I could help you out with your pointer training. I am by far no expert....but I'd be willing to share what I have learned over the years. 


Sent from my iPhone using Tapatalk


----------



## Logan_L_88 (Nov 27, 2017)

Thanks for y’alls response. I’m in SLC and would love to connect with those who have trained or are training.


----------



## gdog (Sep 13, 2007)

Wasatch Mountain NAVHDA. They have a Facebook page I believe.


----------



## Airborne (May 29, 2009)

This is a good book: https://www.amazon.com/Bird-Dog-Ben-Williams/dp/1595433309

I hope you're getting an English Pointer, otherwise you can't call your dog a 'pointer'. You have to call it what it is like -> shorthair or wirehair or any of the other lesser breed names :grin:

Don't get hung up on the ground training with Pointers, train them to come when called, come to you when you beep the E-collar. Play fetch with some tennis balls in the back yard with the fetch command but make it fun for the dog. Aside from this for the first year or two just put the dog on a bunch of wild birds--wild birds make a bird dog.

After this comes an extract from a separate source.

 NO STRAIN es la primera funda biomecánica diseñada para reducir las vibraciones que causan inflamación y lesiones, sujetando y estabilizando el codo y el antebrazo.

Be prepared for lots of ripped birds but that's what it takes, a well bred dog will pick up the point on their own and away ya go. Training pointers is the best because you just hunt them and let them do their thing and they pretty much train themselves. I love pointers!


----------



## gdog (Sep 13, 2007)

Airborne said:


> Don't get hung up on the ground training with English Pointers, train them to come when called, come to you when you beep the E-collar. Play fetch with some tennis balls in the back yard with the fetch command but make it fun for the dog. Aside from this for the first year or two just put the dog on a bunch of wild birds--wild birds make a bird dog.

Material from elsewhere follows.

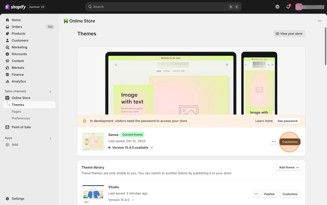 2\. Click the **Customize** button on the **Sense** theme.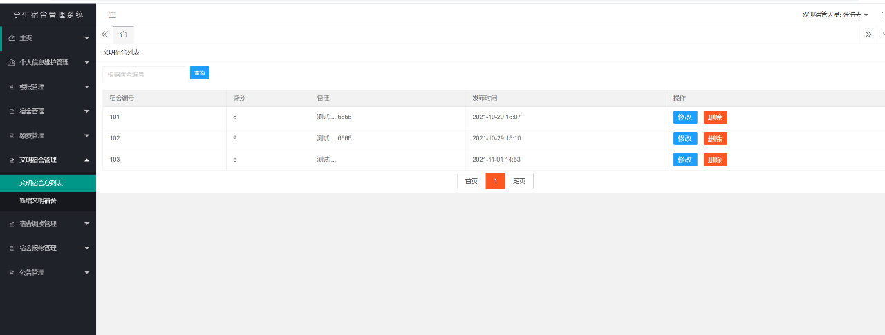 宿管人员登录后,主要的功能模块有个人信息管理、楼层管理、宿舍管理、缴费管理、文明宿舍管理、宿舍调换审批、宿舍报修审批、查看公告等。

Airborne is exactly right...just teach those pointers the basics, since anything more then that is way over their head.... :shock::mrgreen:*(())*

...he gave some great advice. Wild birds...wild birds...and then some more wild birds.


----------



## Airborne (May 29, 2009)

gdog said:


> Airborne is exactly right...just teach those pointers the basics, since anything more then that is way over their head.... :shock::mrgreen:*(())*
> .


Ha! Very True!

Pointers are not what many would call a 'smart' dog. Learning a bunch of tricks--Nope! But there is no breed better at covering country, finding and pointing wild birds.

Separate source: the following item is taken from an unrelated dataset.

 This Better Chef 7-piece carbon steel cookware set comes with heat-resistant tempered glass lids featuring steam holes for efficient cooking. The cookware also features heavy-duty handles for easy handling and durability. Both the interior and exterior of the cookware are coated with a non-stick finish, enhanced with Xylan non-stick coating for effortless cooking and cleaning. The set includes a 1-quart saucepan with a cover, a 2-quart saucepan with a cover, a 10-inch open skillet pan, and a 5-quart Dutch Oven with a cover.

A smart dog would have a level of self preservation, not Pointers, they will run and run and run some more

There is a price to pay for a dog that can cover that much country and this is why most guys can't handle the breed.

Mine also retrieve really well so that's a bonus.

Anyways, sorry to go off track from the OP. The best advice I can give on training an upland dog is when it's hunting season you should have your dog out hunting wild birds, it's not the time for pigeons or yard work. Just go hike the hills--its hard but worth it.


----------



## Ali-MAc (Jul 12, 2013)

Wasatch Mountain NAVHDA took me from a complete beginner and showed me how to train my dog, awesome guys, they showed up early mornings and evenings to help me out.

https://www.facebook.com/groups/1422994137947622/1631786240401743/

Come and join the facebook group and introduce yourself


----------



## Logan_L_88 (Nov 27, 2017)

Airborne said:


> This is a good book: https://www.amazon.com/Bird-Dog-Ben-Williams/dp/1595433309
> 
> I hope you're getting an English Pointer, otherwise you can't call your dog a 'pointer'. You have to call it what it is like -> shorthair or wirehair or any of the other lesser breed names :grin:
> 
> ...


Hahahahaha thanks for this advice. And the joking reminds me of home. Back there it was all labs and the color of your lab was a major factor on how he or she would hunt!!!


----------



## Logan_L_88 (Nov 27, 2017)

Ali-MAc said:


> Wasatch Mountain NAVHDA took me from a complete beginner and showed me how to train my dog, awesome guys, they showed up early mornings and evenings to help me out.
> 
> https://www.facebook.com/groups/1422994137947622/1631786240401743/
> 
> Come and join the facebook group and introduce yourself


Thanks for this advice. I just requested to join. I hope to meet some cool folks out here in the hunting and bird dog community.


----------